A vendor selling vegetables waits for customers at his stall at a market in Mumbai, on 12 December, 2013 (Reuters).

Sharply higher vegetable prices drove India's wholesale price inflation to a 14-month high in November, underpinning expectations the Reserve Bank of India (RBI) would  have to raise interest rates again this week.

Inflation measured by the wholesale price index (WPI) climbed 7.52% year-on-year in November, which was the fastest rate of increase since September 2012. WPI recorded a 7% rise in October.

A Reuters' poll of economists forecast an annual headline inflation of 7%.

The WPI numbers followed last week's disappointing consumer price inflation data. Consumer prices rose 11.24% in November, from October's 10.17% - the fastest annual increase on record.

Economists said the RBI would have to raise its benchmark interest rate by another quarter percentage point, to 8% at its policy review on 18 December, to suppress price pressures.

They also said the inflation readings, alongside last week's dismal factory output figures, could adversely impact the value of the Indian rupee.

The rupee finished at 62.12 to the US dollar.

The benchmark S&P BSE Sensex finished 0.27% lower on Monday.

Scotiabank said in a note to clients: "The Reserve Bank of India (RBI) increased the benchmark repo rate by 25 basis points to 7.75% at end-October in order to curb mounting inflationary pressures that reflect rupee depreciation and higher food and energy costs. To counterbalance the impact of the higher repo rate on growth, the RBI simultaneously took other measures to ease liquidity conditions in the banking system."

"The current monetary tightening cycle began in September, and we expect a further small hike to 8.0% to take place this week. Inflation-measured by the wholesale price index-continues to accelerate," the Canadian bank added.

Dariusz Kowalczyk, senior economist ex-Japan Asia, Credit Agricole CIB, Hong Kong, said in a note to clients: "The high print means RBI has to hike rates or lose credibility after it reacted negatively to the CPI data last week. However, the rise in inflation is purely food-price driven."
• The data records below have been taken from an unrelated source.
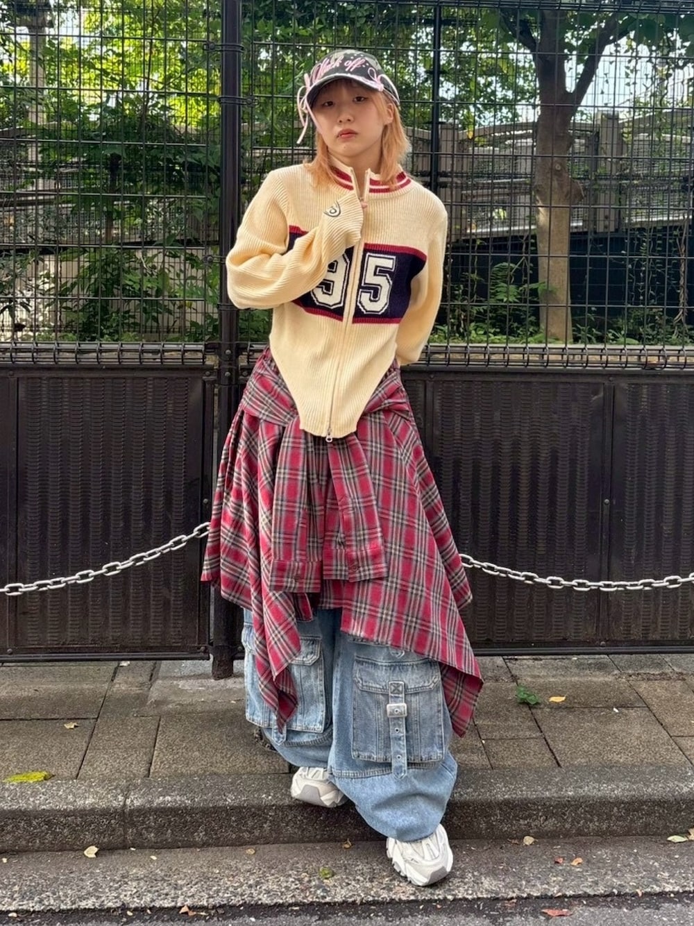ボディスーツ型のジップブルゾンに チェック柄の巻きスカートとデニムパンツを 合わせたスポーツミックスコーデ♪ Candy Stripper池袋店/小川/154cm
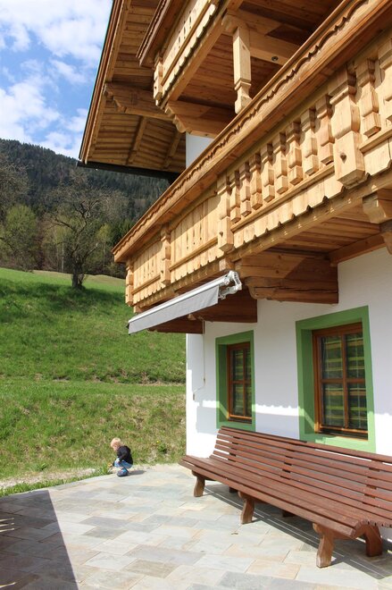 Ein echtes Tiroler Bauernhaus mit 300 m² Wohnfläche auf einem traditionellen, bewirtschafteten Hof, umgeben von ursprünglicher Natur. Im Erdgeschoss befindet sich eine großzügige Ferienwohnung zur alleinigen Nutzung für bis zu 4 Personen. Im 1. Stock stehen zwei, mit viel Liebe renovierte Gästezimmer für je 2 Personen mit gemeinsam genutzter Küche und Badezimmer bereit.
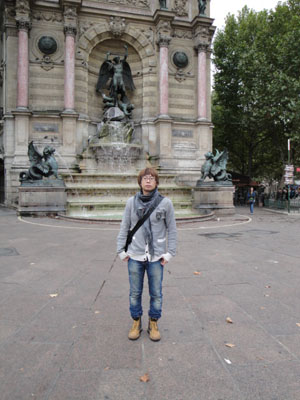 曾经的笔者在巴黎Saint Michel出口处的喷泉旁
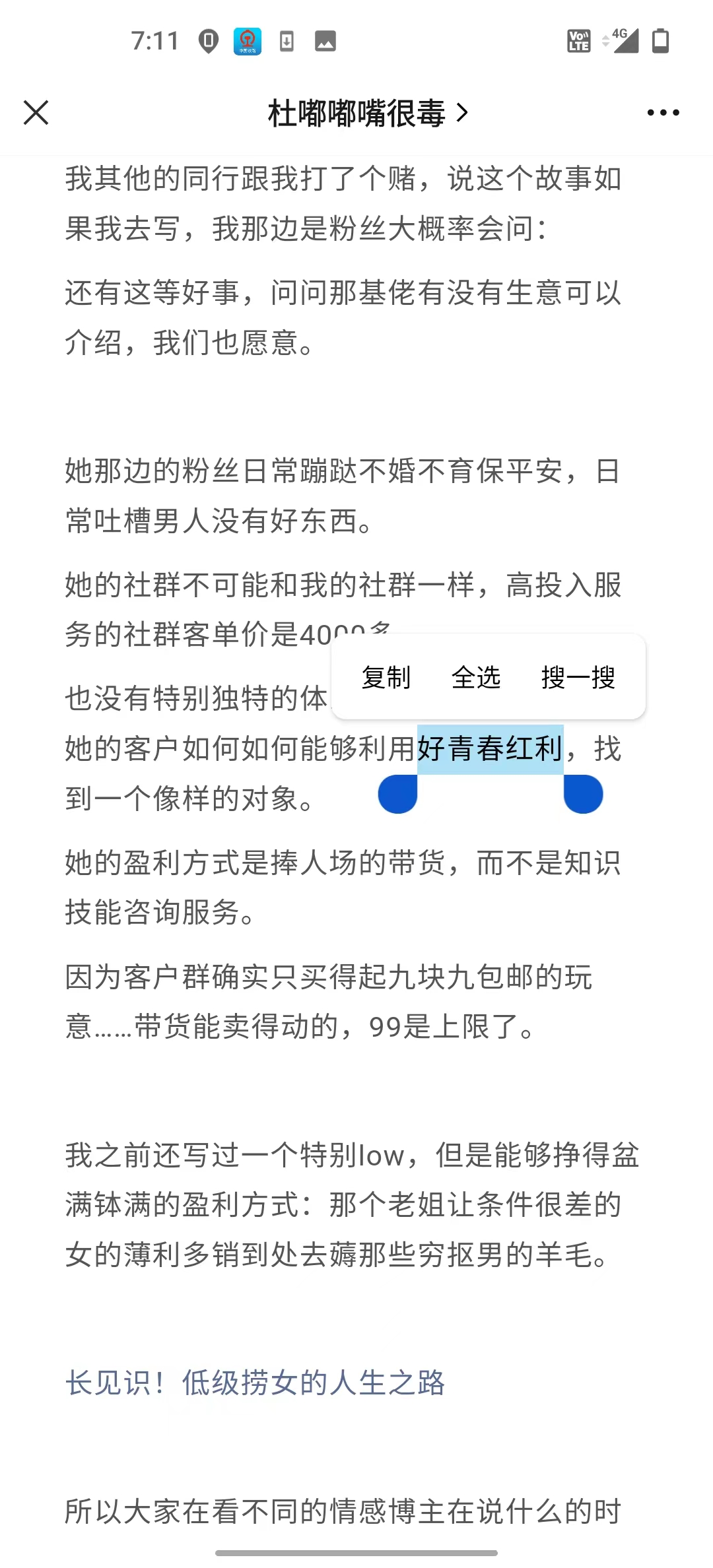 她的社群不可能和我的社群一样,高投入服务的社群客单价是4000多,也没有特别独特的体系,可以很细致地教会她的客户如何如何能够利用好青春红利,找到一个像样的对象。

"Rate hikes will not correct food prices, the hawkish intention is a mistake, in our view, and will lead to slower growth, which will also pressure the INR. INR assets should fall across the board after the print. We remain highly negative on the INR and see 72 at the end of calendar '14," Kowalczyk added.

RBI Governor Raghuram Rajan said last week that in an environment of high inflation and low growth - which analysts said resembled stagflation - the central bank would have to make trade-offs as it cautiously adjusted monetary policy.

Government data last week showed that industrial output in Asia's third-largest economy shrank 1.8% on an annual basis in October.